ISO 9001 Certified in Valuation Advisory

ISO 9001 Certified in Valuation Advisory

Valuation Glossary

Capital Asset Pricing Model (CAPM)

Categories: Valuation Glossary|

The Capital Asset Pricing Model (CAPM) is a financial tool used to estimate the expected return on an investment based on its risk. It considers two types of risks: systematic risk and unsystematic risk. Systematic risk is the risk related to the overall market, while unsystematic risk is specific to a particular company or industry and can be reduced through diversification.


The CAPM formula is:


Expected Return = Risk-Free Rate + Beta * (Market Return - Risk-Free Rate)


The formula takes into account the risk-free rate, which represents the return on a risk-free investment, and beta, which measures the investment's sensitivity to market movements. The market return reflects the average return expected from all investments in the market.


By using the CAPM, investors can estimate the appropriate return they should expect for taking on a certain level of risk. However, it's important to note that the CAPM relies on certain assumptions that may not always hold true in practice.
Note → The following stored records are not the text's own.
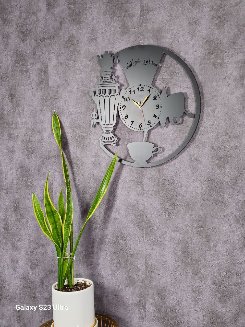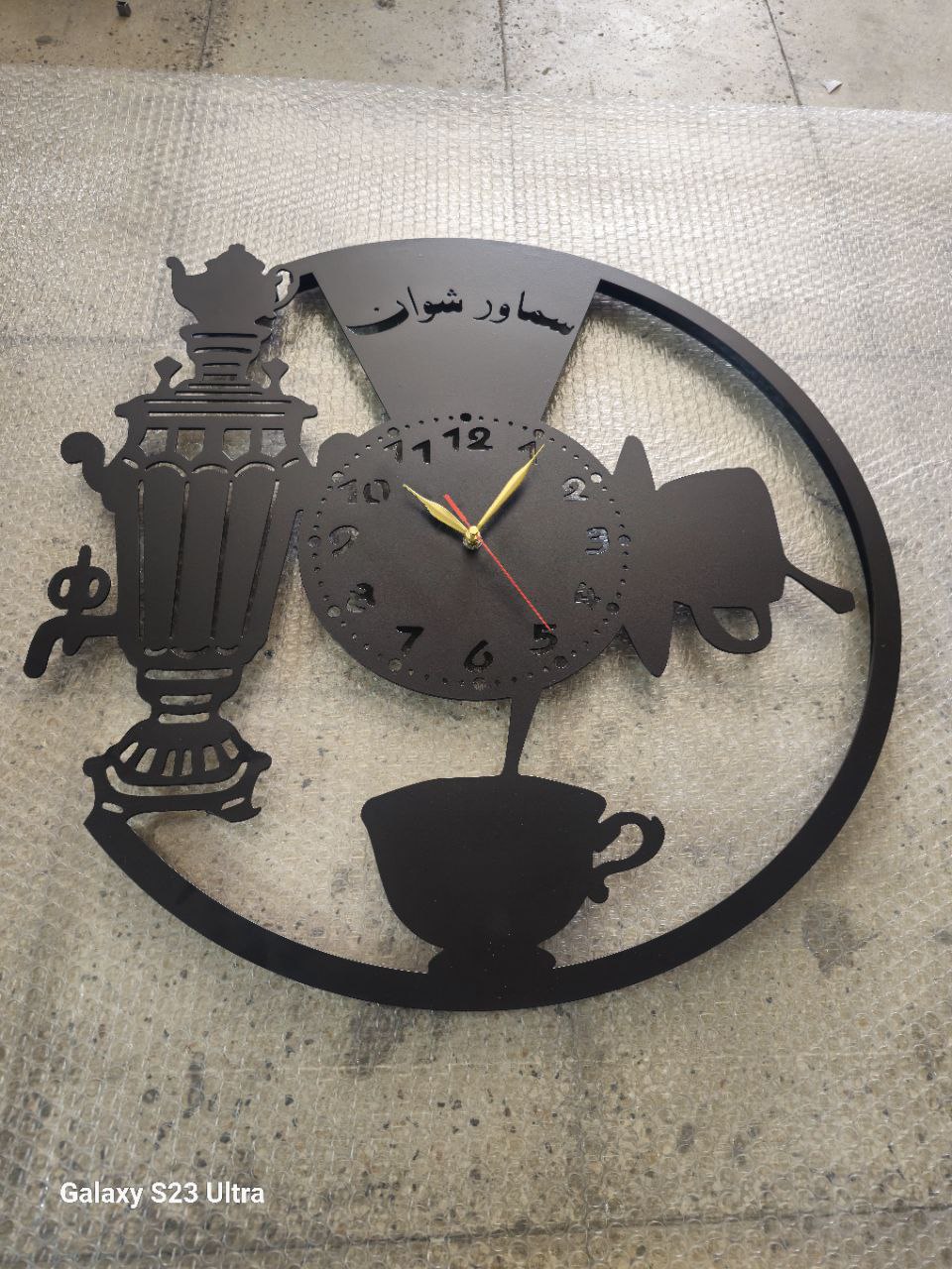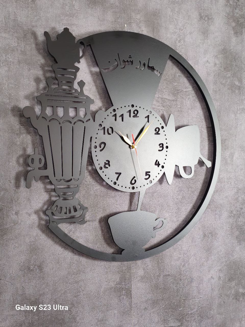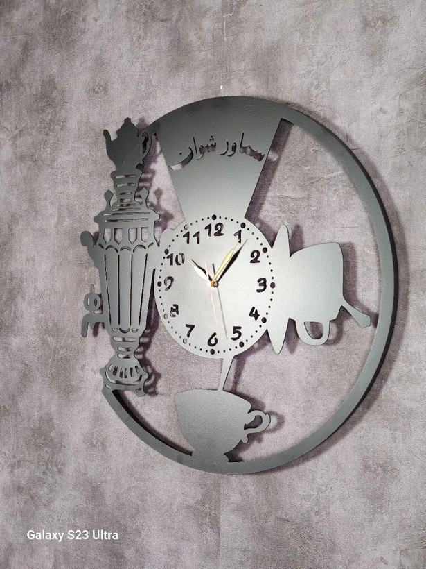 بعضی طرحها فراتر از یک ساعت هستند؛ آنها قصهای از صمیمیت و خاطرات خوش خانه پدربزرگ و مادربزرگ را روایت میکنند. این ساعت دیواری با تلفیق هنر مدرن و نمادهای سنتی مثل سماور و استکان، گرمای خاصی به آشپزخانه یا پذیرایی شما میبخشد.
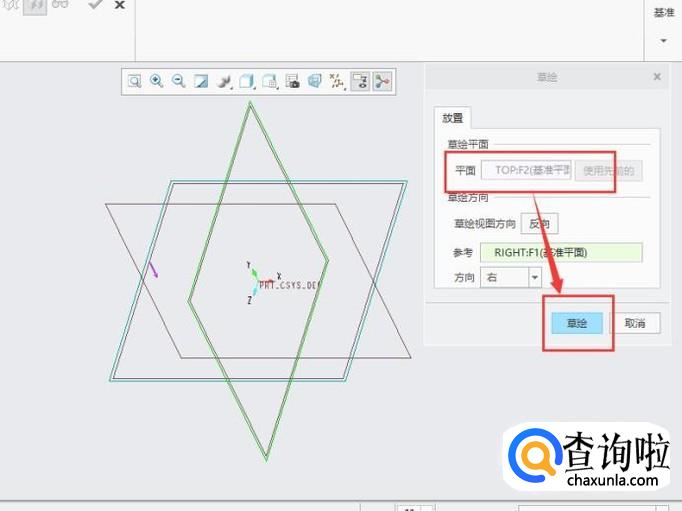 选择“拉伸”命令,以top面为草绘面,如图所示。
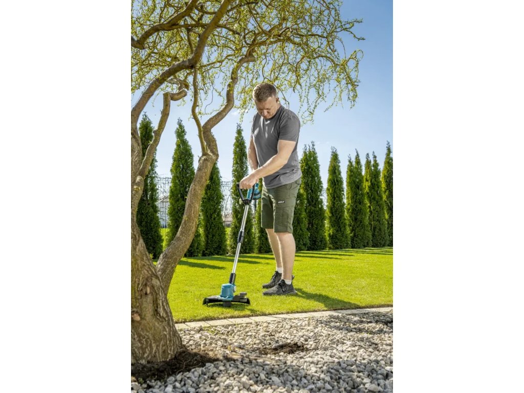 Při každém vypnutí sekačky se struna automaticky vysune o přibližně 1 cm, což zajišťuje připravenost k další práci. Při opětovném zapnutí je přebytek struny zkrácen při prvním otočení zařízení díky malému noži umístěnému na ochraně. Toto řešení eliminuje nutnost ručního nastavení, zrychluje sečení a zvyšuje komfort práce.
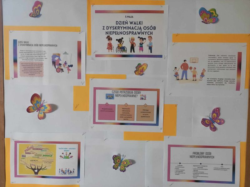 5 maja to Europejski Dzień Walki z Dyskryminacją Osób Niepełnosprawnych. Wyjątkowość tego święta polega, na okazaniu solidarności z osobami niepełnosprawnymi. Dzień ten zwraca szczególną uwagę na problem nierównego traktowania osób niepełnosprawnych, dlatego powinien skłonić do refleksji, przemyślenia i wsłuchania się w ich potrzeby związane z codziennym funkcjonowaniem oraz napotykanymi trudnościami. W naszej szkole odbyła się akcja informacyjna, która miała na celu przybliżenie społeczności szkolnej problemów osób z niepełnosprawnością oraz upowszechnianie idei tolerancji, otwartości i szacunku dla inności.
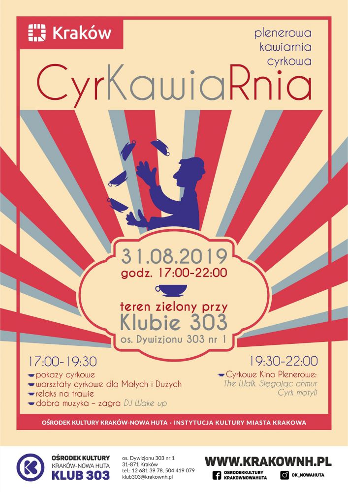 W sobotę 31 sierpnia w godzinach 18.00-22.00 Klub 303 Orodka Kultury Kraków-Nowa Huta (os. Dywizjonu 303 nr 1) już po raz pišty zaprasza do cyrkowej kawiarni plenerowej. W CyrKawiaRni gocie będš mogli usišć przy stolikach, na kocykach i poduszkach, zamówić nieodpłatnie bezalkoholowe tematyczne drinki np. Raj dla cyrkowca, Clown z głowš w chmurach, Skok Akrobaty i zdrowe przekšski. Ponadto będzie udostępniony grill, do przygotowania przez uczestników we własnym zakresie drobnych przekšsek. Strefa odpoczynku przy klimatycznej muzyce będzie wzbogacana pokazami cyrkowymi na mini scenie. Wystšpiš: w spektaklu cyrkowym Nibyluk. Słońce w kuli Cyrk-O-Maniacy z Klubu 303, w pokazie na Kole Reńskim Julia Bogusław - uczennica trzeciego roku Państwowej Szkoły Sztuki Cyrkowej w Julinku, w pokazie na drabinie cyrkowej - Tomasz Krawczyk, uczestnik a następnie instruktor zajęć cyrkowych w Klubie 303, obecnie uczeń pierwszego roku Państwowej Szkoły Sztuki Cyrkowej w Julinku. Od godziny 19.30 Gocie CyrKawiaRni będš mieli okazje zrelaksować się i obejrzeć filmy w plenerowym kinie. Wydarzeniu towarzyszyć będzie także promocja działań Klubu 303 na rok 2019/2020.
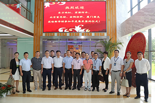 7月25日,新華聯文化旅游發展股份有限公司2017-2019年度防水和涂料集中采購簽約儀式在北京臺湖新華聯總部召開,包括東方雨虹在內的五家涂料和防水供應商代表受邀參加。新華聯集采中心總監彭建奇主持儀式,東方雨虹集團副總裁張洪濤參加簽約儀式并發言。
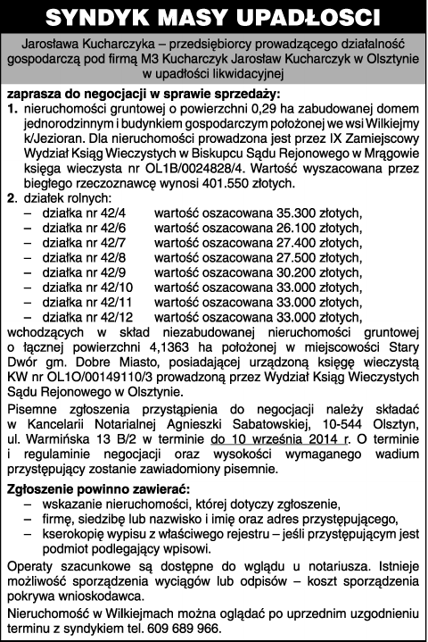 SYNDYK MASY UPADŁOSCI Jarosława Kucharczyka ̶ przedsiębiorcy prowadzącego działalność gospodarczą pod firmą M3 Kucharczyk Jarosław Kucharczyk w Olsztynie w upadłości likwidacyjnej zaprasza do negocjacji w sprawie sprzedaży: 1. nieruchomości gruntowej o powierzchni 0,29 ha zabudowanej domem jednorodzinnym i budynkiem gospodarczym położonej we wsi Wilkiejmy k/Jezioran. Dla nieruchomości prowadzona jest przez IX Zamiejscowy Wydział Ksiąg Wieczystych w Biskupcu Sądu Rejonowego w Mrągowie księga wieczysta nr OL1B/0024828/4. Wartość wyszacowana przez biegłego rzeczoznawcę wynosi 401.550 złotych. 2. działek rolnych : - działka nr 42/4 wartość oszacowana 35.300 złotych, - działka nr 42/6 wartość oszacowana 26.100 złotych, - działka nr 42/7 wartość oszacowana 27.400 złotych, - działka nr 42/8 wartość oszacowana 27.500 złotych, - działka nr 42/9 wartość oszacowana 30.200 złotych, - działka nr 42/10 wartość oszacowana 33.000 złotych, - działka nr 42/11 wartość oszacowana 33.000 złotych, - działka nr 42/12 wartość oszacowana 33.000 złotych, wchodzących w skład niezabudowanej nieruchomości gruntowej o łącznej powierzchni 4,1363 ha położonej w miejscowości Stary Dwór gm. Dobre Miasto, posiadającej urządzoną księgę wieczystą KW nr OL1O/00149110/3 prowadzoną przez Wydział Ksiąg Wieczystych Sądu Rejonowego w Olsztynie. Pisemne zgłoszenia przystąpienia do negocjacji należy składać w Kancelarii Notarialnej Agnieszki Sabatowskiej, 10-544 Olsztyn, ul. Warmińska 13 B/2 w terminie do 10 września 2014 r. O terminie i regulaminie negocjacji oraz wysokości wymaganego wadium przystępujący zostanie zawiadomiony pisemnie. Zgłoszenie powinno zawierać: - wskazanie nieruchomości, której dotyczy zgłoszenie, - firmę, siedzibę lub nazwisko i imię oraz adres przystępującego, - kserokopię wypisu z właściwego rejestru ̶ jeśli przystępującym jest podmiot podlegający wpisowi. Operaty szacunkowe są dostępne do wglądu u notariusza. Istnieje możliwość sporządzenia wyciągów lub odpisów ̶ koszt sporządzenia pokrywa wnioskodawca. Nieruchomość w Wilkiejmach można oglądać po uprzednim uzgodnieniu terminu z syndykiem tel. 609 689 966.
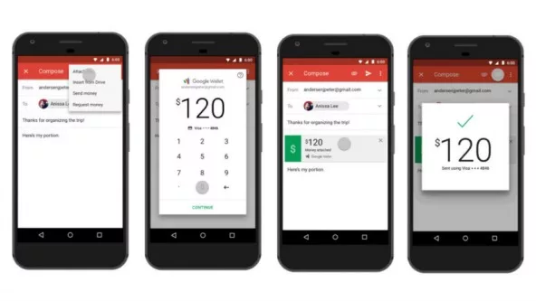 Para enviar dinero cuando se está escribiendo un mensaje en la aplicación para Gmail, el usuario debe pulsar el ícono Adjuntar y elegir la opción Enviar Dinero. Una vez que haya ingresado la cantidad que desea enviar, debe seleccionar la fuente para el pago e ingresar los datos. A partir de ahí, el mismo Google se encarga de hacer la transferencia.
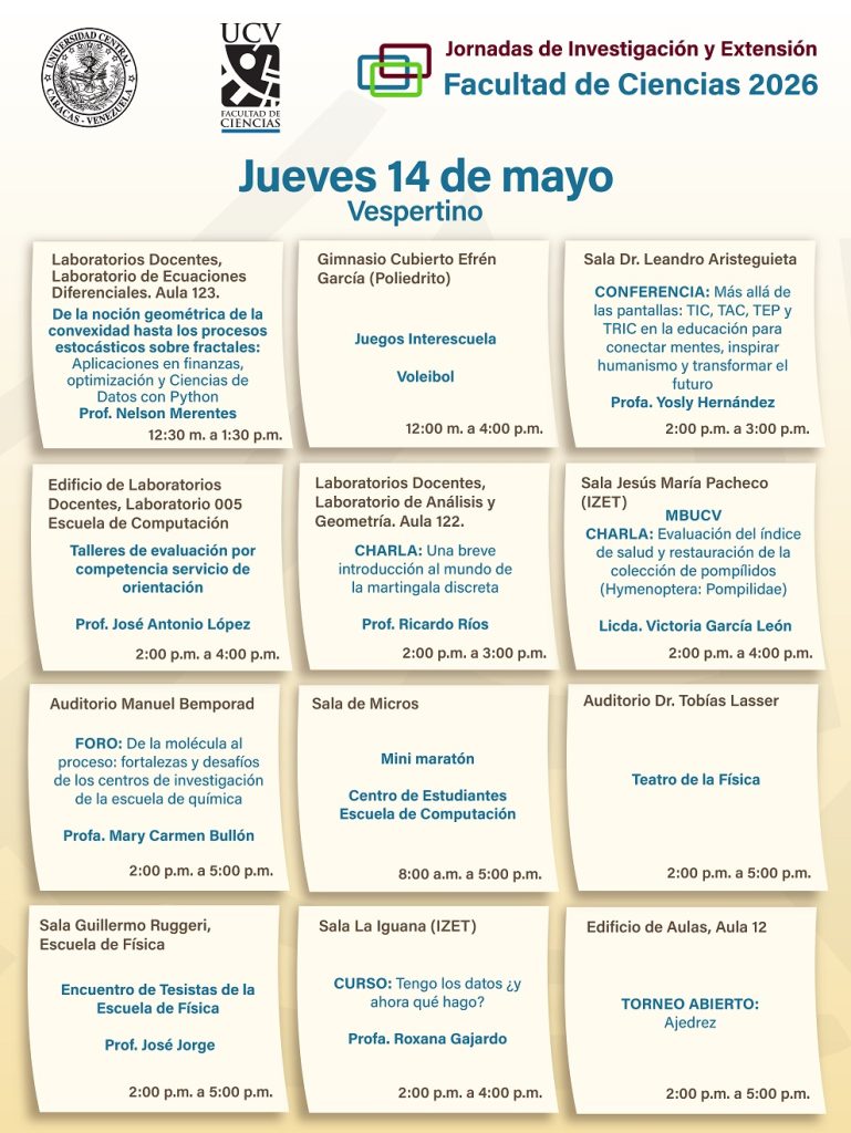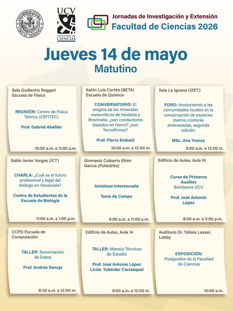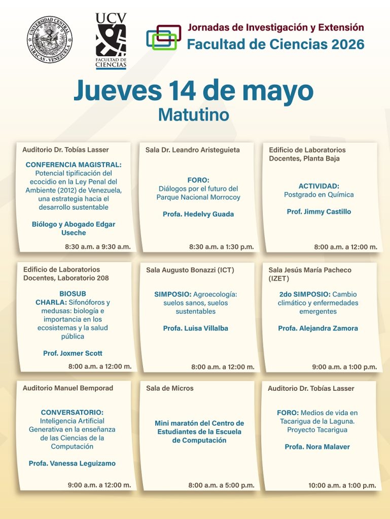 Del 11 al 15 de mayo se desarrollarán las Jornadas de Investigación y Extensión Facultad de Ciencias 2026 (JIE 2026) y en la que tendrán lugar en nuestras instalaciones, diversas actividades científicas y culturales inherentes a la extensión universitaria en las cuales se presentará el quehacer científico. Entre las actividades a desarrollarse durante las JIE 2026 están conferencias magistrales en modalidad presencial y en línea, foros y talleres coordinados por profesores e investigadores de las diversas escuelas que conforman la Facultad de Ciencias: Biología, Computación, Física, Matemática y Química, así como de los distintos institutos adscritos a la Facultad: Instituto de Ciencias de la Tierra (ICT), Instituto de Ciencia y Tecnología de Alimentos (ICTA), Instituto de Biología Experimental (IBE) e Instituto de Zoología y Ecología Tropical (IZET). Por otra parte, se realizarán conferencias y actividades culturales y deportivas que abarcarán diversos espacios de la Facultad de Ciencias, así como una salida de campo y excursiones, con la finalidad de fomentar la conservación de la naturaleza y el esparcimiento. Los invitamos a ser parte de las JIE 2026 para intercambiar los avances en las investigaciones que se realizan en las diferentes dependencias de la Facultad de Ciencias y conocer los programas de estudios de pregrado y de postgrado, así como conocer y participar en todas las actividades de extensión programadas durante las jornadas. A continuación, el cronograma completo de actividades para el jueves 14 de mayo. Jornada matutina Jornada vespertina Navegación de entradas Cronograma de actividades del miércoles 13 de mayo en las Jornadas de Investigación y Extensión Facultad de Ciencias 2026
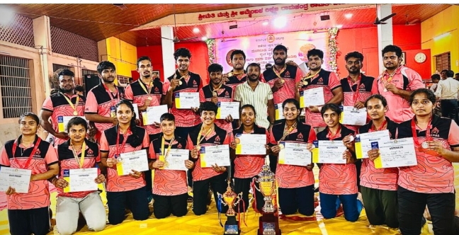 ಮೂಡುಬಿದಿರೆ: ಮುಡಿಪು ಸರಕಾರಿ ಪ್ರಥಮ ದರ್ಜೆ ಕಾಲೇಜಿನಲ್ಲಿ ಜರುಗಿದ ಮಂಗಳೂರು ವಿ ವಿ ಮಟ್ಟದ ಅಂತರ್ ಕಾಲೇಜು ಕುಸ್ತಿ ಸ್ಪರ್ಧೆಯ ಪುರುಷ ಹಾಗೂ ಮಹಿಳೆಯರ ಎರಡು ವಿಭಾಗದಲ್ಲಿ 11 ಚಿನ್ನ, 07 ಬೆಳ್ಳಿ ಹಾಗೂ 02 ಕಂಚಿನ ಪದಕದೊಂದಿಗೆ ಮೂಡುಬಿದಿರೆಯ ಆಳ್ವಾಸ್ ಕುಸ್ತಿಪಟುಗಳು ಸಮಗ್ರ ಪ್ರಶಸ್ತಿಯನ್ನು ಪಡೆದುಕೊಂಡರು. ಫಲಿತಾಂಶ :ಪುರುಷರ ವಿಭಾಗದಲ್ಲಿ : ದೇವರಾಜು – 61 ಕೆಜಿ ವಿಭಾಗದಲ್ಲಿ (ದ್ವಿತೀಯ), ನಿಖಿಲ್ – 65 ಕೆಜಿ ವಿಭಾಗದಲ್ಲಿ (ಪ್ರಥಮ), ರಾಕೇಶ್ – 70 ಕೆಜಿ ವಿಭಾಗದಲ್ಲಿ […]

In simpler terms, the CAPM helps investors determine how much return they should expect based on the riskiness of an investment compared to the overall market.

Business Valuation

Categories: Valuation Glossary|

Business valuation is the process of determining the monetary value of a business. It involves assessing various factors like the company's financial performance, assets, market conditions, and industry trends. Valuation is done for purposes such as buying or selling a business, mergers and acquisitions, fundraising, financial reporting, or legal disputes. Different methods are used to calculate the value, taking into account factors like earnings, comparable companies, and assets. Professionals with expertise in valuation perform this assessment to help inform business decisions and transactions.

Business Risk

Categories: Valuation Glossary|

Business risk refers to the possibility of negative events or uncertainties that can harm a business's financial performance or operations. These risks can come from various sources, such as changes in the market, financial issues, operational problems, legal and regulatory compliance, reputation damage, or environmental factors. Managing business risks involves identifying and addressing potential problems to protect the business and ensure its long-term success.

Business Enterprise

Categories: Valuation Glossary|

A business enterprise is an organization that operates to make money by providing goods or services. It includes all aspects of the business, like its owners, operations, resources, and goals. It engages in economic activities, has a structure and hierarchy, and uses resources to meet customer needs and earn profits. It faces risks and seeks rewards in the market. A business enterprise can take different legal forms and operates within specific industries.

Business Combination

Categories: Valuation Glossary|

A business combination is a transaction or event in which one company acquires control over one or more businesses. This can involve the purchase of a controlling interest in another company, merging with another company, or acquiring its net assets.